■ **ACTIVITY**:
Copy every line of the data exactly, keeping out any picture.

■ **DATASET EXCERPT**:
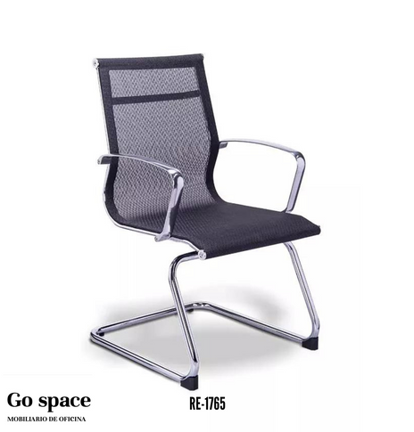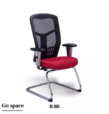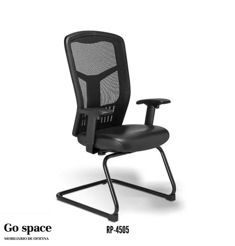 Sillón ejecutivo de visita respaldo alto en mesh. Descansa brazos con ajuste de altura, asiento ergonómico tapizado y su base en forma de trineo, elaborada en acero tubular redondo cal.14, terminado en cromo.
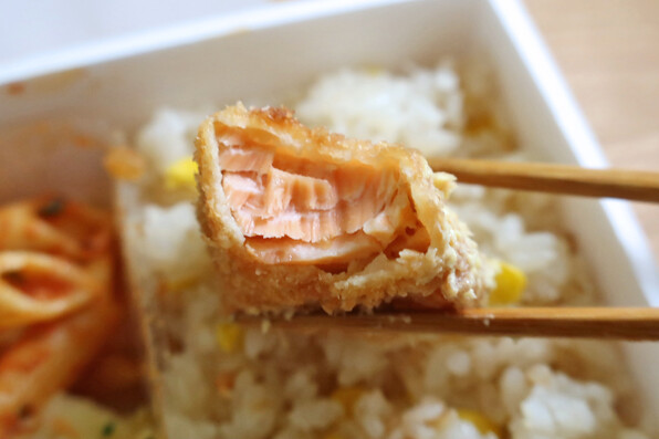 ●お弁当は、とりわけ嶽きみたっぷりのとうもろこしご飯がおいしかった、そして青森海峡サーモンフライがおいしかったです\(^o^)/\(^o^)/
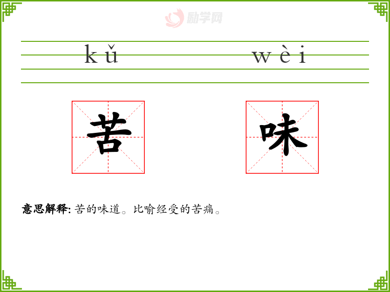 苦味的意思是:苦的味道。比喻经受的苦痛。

■ **OUTPUT FOR THIS EXERCISE**:
 Sillón ejecutivo de visita respaldo alto en mesh. Descansa brazos con ajuste de altura, asiento ergonómico tapizado y su base en forma de trineo, elaborada en acero tubular redondo cal.14, terminado en cromo.
 ●お弁当は、とりわけ嶽きみたっぷりのとうもろこしご飯がおいしかった、そして青森海峡サーモンフライがおいしかったです\(^o^)/\(^o^)/
 苦味的意思是:苦的味道。比喻经受的苦痛。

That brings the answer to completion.